Revisit CP Tensor Decomposition: Statistical Optimality and Fast Convergence
Runshi Tang, Julien Chhor, Olga Klopp, Anru R. Zhang
TL;DR
This work advances the theoretical understanding of CP tensor decomposition under a noisy signal-plus-noise model by delivering non-asymptotic, minimax-optimal error bounds for ALS with a statistically justified warm start. It introduces TASD, a robust Tucker-based initialization followed by simultaneous diagonalization, and proves that TASD-ALS yields statistically consistent recovery with improved stability in high-dimensional, noisy regimes. The authors show a two-phase convergence for ALS—an initial quadratic phase transitioning to linear refinement—and demonstrate rank-one optimality within one to two iterations under appropriate initialization. Complementing theory, extensive simulations validate TASD-ALS, reveal threshold phenomena with signal strength, and illustrate faster convergence in near-orthogonal regimes, while identifying limits in high-rank settings and potential extensions to structured tensor models.
Abstract
Canonical Polyadic (CP) tensor decomposition is a fundamental technique for analyzing high-dimensional tensor data.

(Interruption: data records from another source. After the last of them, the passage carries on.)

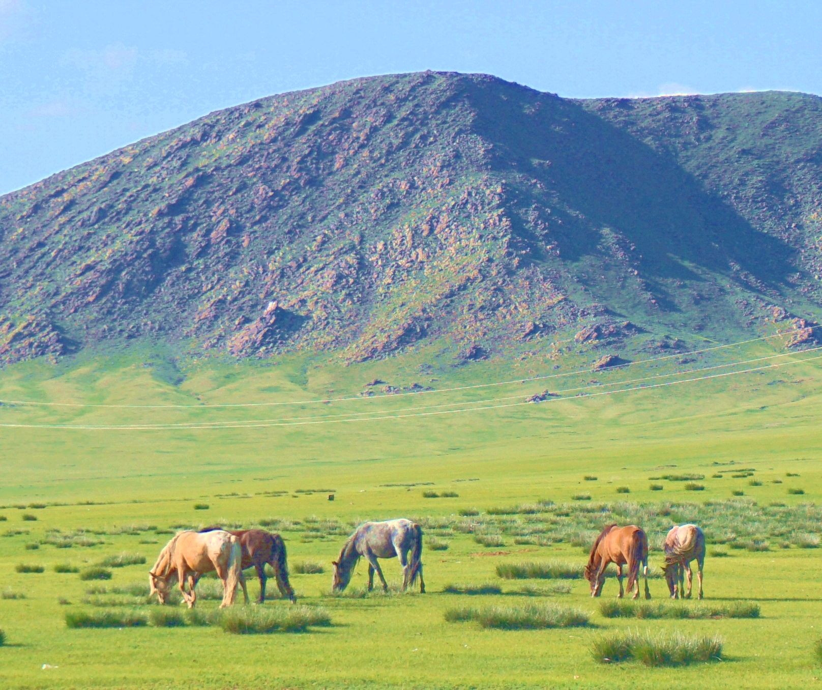モンゴル大草原の山の裾野で放牧されている馬たち。走行するバスの窓から撮りました。
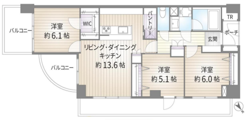 | 間取り | 3LDK + WIC+Pantry+TR | 方角 | 南東 |
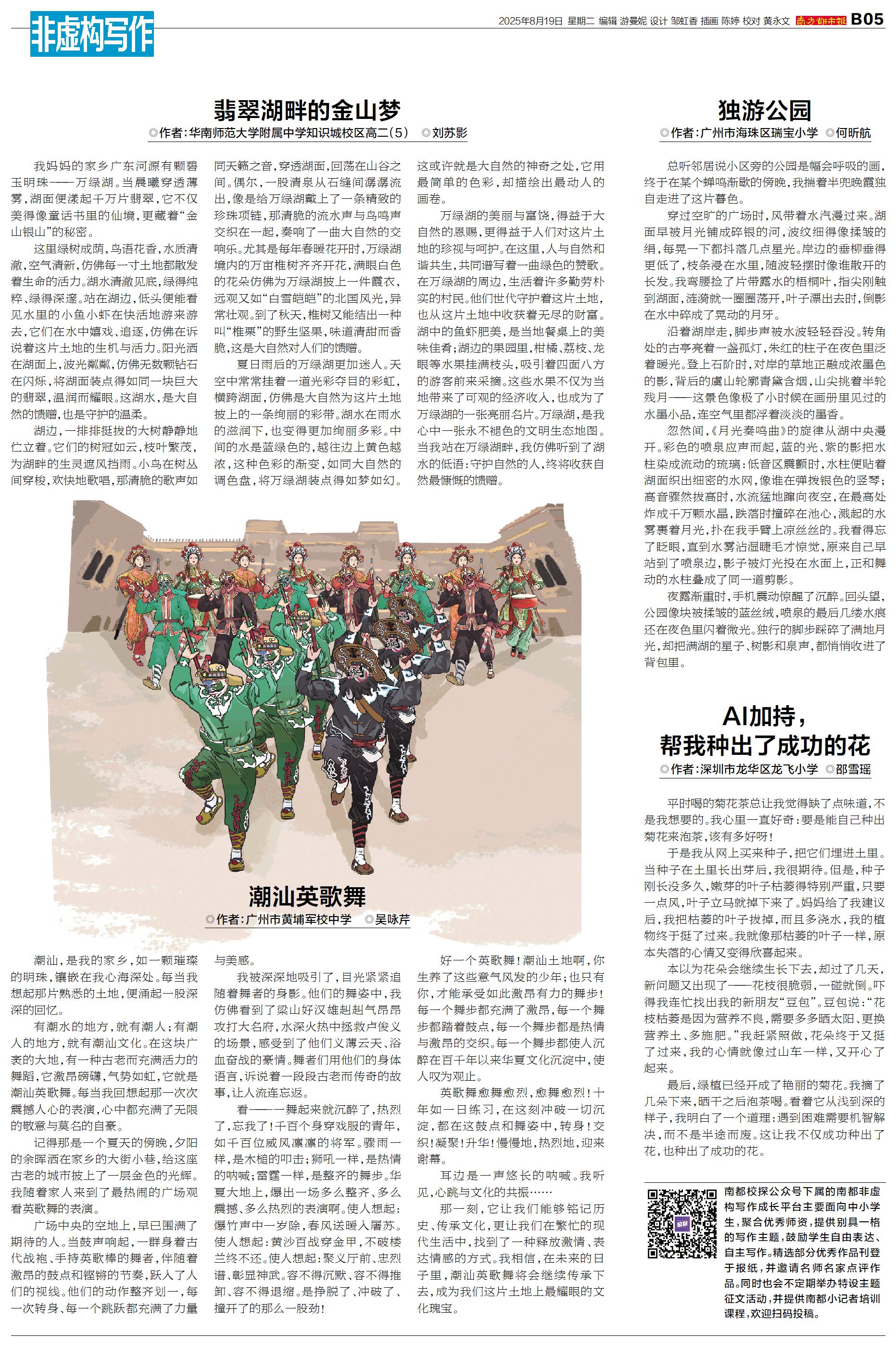 ◎作者:广州市海珠区瑞宝小学 ◎何昕航 总听邻居说小区旁的公园是幅会呼吸的画,终于在某个蝉鸣渐歇的傍晚,我揣着半兜晚霞独自走进了这片暮色。 穿过空旷的广场时,风带着水汽漫过来。湖面早被月光

While the Alternating Least Squares (ALS) algorithm is widely used for computing CP decomposition due to its simplicity and empirical success, its theoretical foundation, particularly regarding statistical optimality and convergence behavior, remain underdeveloped, especially in noisy, non-orthogonal, and higher-rank settings. In this work, we revisit CP tensor decomposition from a statistical perspective and provide a comprehensive theoretical analysis of ALS under a signal-plus-noise model. We establish non-asymptotic, minimax-optimal error bounds for tensors of general order, dimensions, and rank, assuming suitable initialization. To enable such initialization, we propose Tucker-based Approximation with Simultaneous Diagonalization (TASD), a robust method that improves stability and accuracy in noisy regimes. Combined with ALS, TASD yields a statistically consistent estimator. We further analyze the convergence dynamics of ALS, identifying a two-phase pattern-initial quadratic convergence followed by linear refinement. We further show that in the rank-one setting, ALS with an appropriately chosen initialization attains optimal error within just one or two iterations.